La Fontana del Garraffello fu realizzata da Vincenzo Gagini nel 1591 e posta nell’omonima piazza palermitana, nel cuore della Vucciria. L’iscrizione sulla sua iconica lapide, tradotta dal Latino dice: “L’acqua da una più alta sorgiva [a questa] nuova fonte [fu] addotta affinché cittadini, stranieri [e] immigrati dei pubblici servizi con gran piacere fruiscano”.
Gli “stranieri immigrati” cui l’iscrizione fa cenno, erano gli Amalfitani, i Pisani, i Genovesi e i Catalani che nel mercato della Vucciria avevano le loro logge. In generale, la dicitura “… cives, incolae, advenae…” può essere pure tradotta con “… cittadini, stranieri residenti e di passaggio…”, espressione riconducibile alle leggi del diritto romano, secondo il quale vi erano i cives (i cittadini a tutti gli effetti), gli incolae (i residenti stabilmente, ma con uno status socio-giuridico inferiore a quello dei cives), e gli advenae (ovvero i soggetti di passaggio); uno status socio-giuridico intermedio fra quello degli incolae e degli advenae era quello degli hospites.

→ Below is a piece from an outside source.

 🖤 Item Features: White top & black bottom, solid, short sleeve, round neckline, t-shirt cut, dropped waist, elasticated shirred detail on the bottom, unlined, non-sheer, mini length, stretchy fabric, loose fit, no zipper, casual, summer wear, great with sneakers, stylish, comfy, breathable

Ma l’epigrafe in questione è ingannevole in quanto lascia intendere che la fontana – nata con dieci cannelle che oggi, dopo secolari vicissitudini, si sono ridotte a otto – fosse alimentata dalle medesime acque della Fontana del Genio del Garraffo (1483) poi addotte nella nuova fontana ideata da Paolo Amato e realizzata da Gioacchino Vitagliano nel 1698 e spostata poi nella attuale collocazione di Via Vittorio Emanuele/Piazza Marina nel 1862.
In realtà, però, la sorgiva della Fontana del Garraffello era autonoma da quella di Piazzetta Garraffo e scaturiva, all’incirca, nel luogo di confluenza delle ancora esistenti Via dei Frangiai e Via dei Pannieri.

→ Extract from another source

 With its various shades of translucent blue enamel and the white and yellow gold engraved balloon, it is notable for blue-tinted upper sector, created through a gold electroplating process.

La fontana era allocata sino al 1754 davanti alla Loggia dei Genovesi. Va detto, anche, che l’assetto ribassato di tale fontana rispetto al piano di calpestio della piazza fu necessario proprio per creare le condizioni per la naturale uscita dell’acqua.
Una diceria o leggenda metropolitana voleva che l’acqua di alimentazione della Fontana del Garraffello, fosse non soltanto particolarmente salubre, ma anche… “rinvigorente”, da cui la domanda “Ma chi ti vivisti? L’acqua du Raffeddu?” (“Ma cosa hai bevuto? L’acqua del Garraffello?”) usata – scherzosamente o sarcasticamente – nei confronti di qualcuno solitamente fannullone o indolente che dava improvvisi segni di “voglia di fare” oppure per sottolineare dei “ritorni di memoria” in chiave autoreferenzialmente utilitaristica.